Он действительно был не так добр, как Флавьен, но он чувствовал сильнее; жизнь, полную недоверия и ревности, он возместил одним часом пылких сердечных излияний, настолько глубоких, что Флавьену не дано было ответить тем же.
Однако Флавьен увидел волненье своего собеседника и был ему за это благодарен.
— Довольно, дорогой мой, — сказал он, еще раз взяв руку Тьерре. — Простим друг другу наше прошлое и скажем, что мы всегда испытывали взаимное уважение и желание покровительствовать. Когда собирались молодые люди того же сорта, что и я, и я вовлекал тебя в их общество, я часто спасал тебя, без твоего ведома, от многих неприятных историй. Когда собирались литераторы и артисты и я приходил к ним, следуя за тобой, ты наверняка не раз спасал меня, не давая мне казаться смешным. Не будем же больше никогда чувствовать себя униженными от взаимной помощи и сожжем в огне дружбы все наши мелочные обиды. А теперь позволь мне поговорить о твоем будущем. Оно может быть прекрасным. Ты не рожден для тягостной погони за богатством. Надо, чтобы оно само пришло к тебе; твои вкусы — вкусы человека изящного, независимого, склонного к созерцанию. Твоему таланту не нужен стимул нищеты. Напротив, нищета его заморозила бы: ведь если ты умеешь терпеть, то отказываться ты не умеешь. Будь же богатым, теперь ты легко можешь достичь этого — женись на мадемуазель Эвелине Дютертр.
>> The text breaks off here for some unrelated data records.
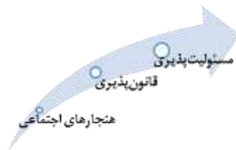
شکل ۲: مسیر تقویت در ارتباط با هنجارهای اجتماعی و مسئولیت‌پذیری- (نگارندگان، ۱۴۰۳)

تبلیغات شهری تأثیر قابل توجهی در تقویت هنجارهای اجتماعی دارد. به مثابه رعایت قوانین و مقررات، رفتارهای مناسب و احترام به حقوق دیگران، از جمله مواردی هستند که در تبلیغات شهری به‌طور غیرمستقیم ترویج می‌شوند. تیزرهای تبلیغاتی شهرداری، با به‌تصویر کشیدن پیام‌هایی در خصوص رعایت قوانین، نقش مؤثری در فرهنگ‌سازی برای رفتارهای قانون‌مند در جامعه ایفاء می‌کنند. این امر به افزایش قانون‌پذیری شهروندان کمک کرده و سطح انضباط اجتماعی را ارتقاء می‌دهد. علاوه بر این، تبلیغات شهری به مسئولیت‌پذیری شهروندان کمک می‌کند. شهروندانی که مکرراً در معرض این تبلیغات قرار می‌گیرند، بیشتر از قبل احساس مسئولیت نسبت به محیط زندگی و جامعه خود دارند. این احساس مسئولیت شامل: موضوعاتی به‌مانند حفظ پاکیزگی شهر، پرداخت به‌موقع عوارض شهری و مشارکت در برنامه‌های عمومی می‌شود. در مجموع، تبلیغات شهری می‌تواند به شکل‌گیری یک فرهنگ مسئولیت‌پذیری در میان شهروندان منجر شود. فرایند این مرور برپایه (شکل ۲).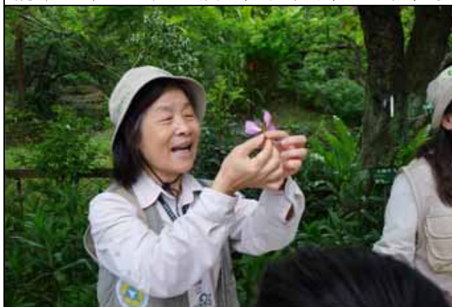
雪花老師用羊蹄甲為範例介紹花朵的構造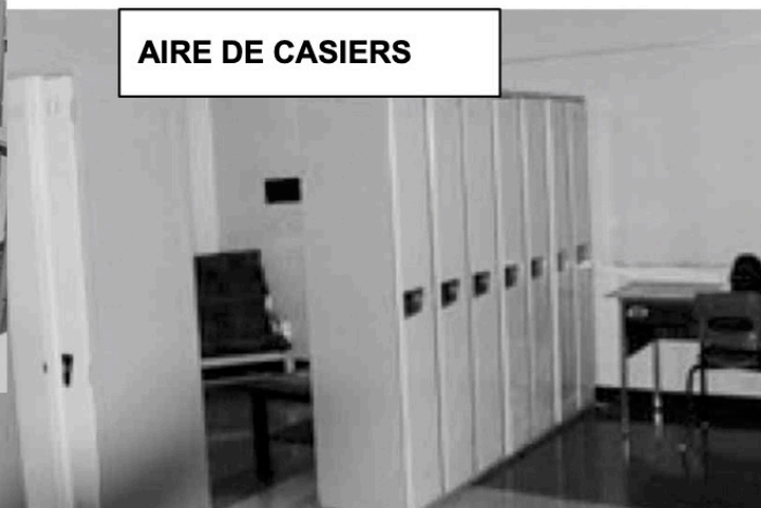
AIRE DE CASIERS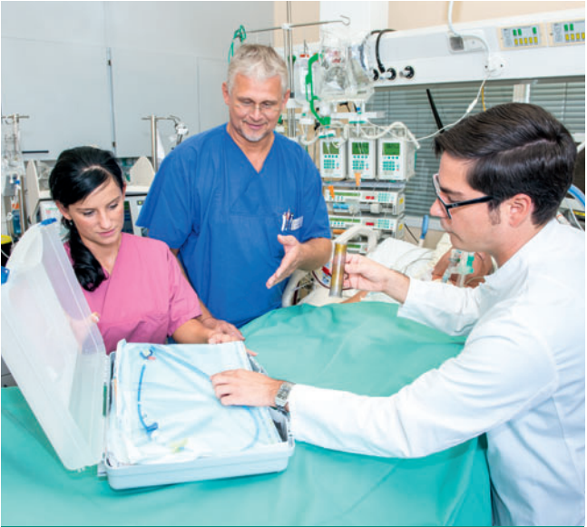
Endoskopische Notfallversorgung auf der Intensivstation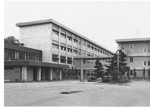
大聖寺高等学校 加賀市大聖寺永町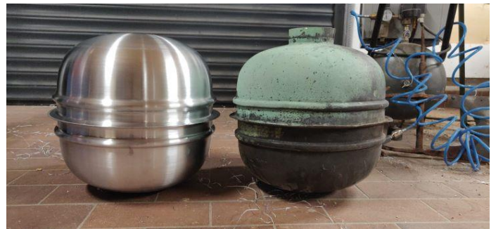
Abbildung 13 Neue und alte Kugel im Vergleich

Das Dach der Kirche wurde zuletzt 1969 gedeckt. Als die alte Kugel 2020 geöffnet wurde befand sich darin: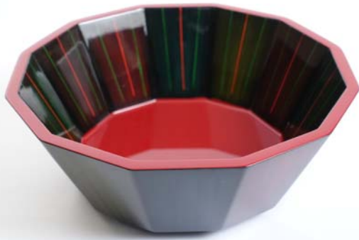
公益財団法人日本デザイン振興会賞 [12角鉢(彩)] 畑 勝日佐(高岡漆器)

12面体の鉢の色彩が美しく、漆独自の溜漆色、朱色と各面でバランス良く構成され、その中の各面に多色の細線で縞状に色漆の模様が描かれ、明るく楽しいボールになっている。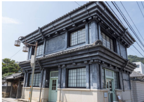
すさきまちかどギャラリー

1916(大正5)年頃築といわれる塗屋造りの建物を活用した施設です。貸しスペースとして一般の利用も可能で、会議やワークショップなど、市民グループ等の文化活動の場となっています。また、歴史ある町並みの旧市街区や、自然豊かな新荘地区を楽しんでいただくため、レンタルサイクルも行っています。

— Жениться на богатой девушке, добиться роскоши, свободы, удовлетворения всех своих аппетитов таким пошлым способом? Никогда!
— С каких это пор жениться на женщине, которую любишь, считается пошлостью?
— Да, я люблю ее — признаюсь, раз ты уже все равно угадал, — но не так, как ты думаешь. Я
— Но что?
— Но она кокетка, и я ее боюсь.
— Это кокетство невинное.
— Которое может стать ужасным, а следовательно, отвратительным в моих глазах, после того как показалось мне чарующим.
— Но ведь в глубине души она добра.
— Это правда! Я вижу, что ты наблюдал за ней внимательнее, чем я думал. Но я боюсь ее. Как бы тебе сказать? Она белокурая… белокурая, как госпожа Элиетта!
И Тьерре, обернувшись к портрету, невольно вздрогнул.
Флавьен засмеялся:
— Вот поэт! Вот мечтатель! Не собираешься ли ты под этой полумаской вообразить сходство?
— Кокетка — извечный персонаж маскарада. Друг мой, не стоит так меня расспрашивать, я еще сам не знаю, как обстоят дела. Она может опротиветь мне черев неделю, я чувствую это и слежу за ней непрерывно, но потом она снова завладеет мною. Давать и забирать обратно — вот девиз, вот наука этой законченной амазонки; но я конь довольно норовистый и могу, чего доброго, закусить удила. Поэтому не будем строить планов. Дай мне немного забыться в той тонкой, волнующей и напряженной игре, которую прелестная молодая девушка ведет с моим воображением. Не напоминай мне, что она богата и что все может кончиться нотариусом и помощником мэра. От такой картины мое пламя тускнеет, и я начинаю вспоминать о господине Траншелионе, которого, возможно, никто и не думал отравлять, но которого ненавидела, презирала и обманывала эта блондинка в полумаске.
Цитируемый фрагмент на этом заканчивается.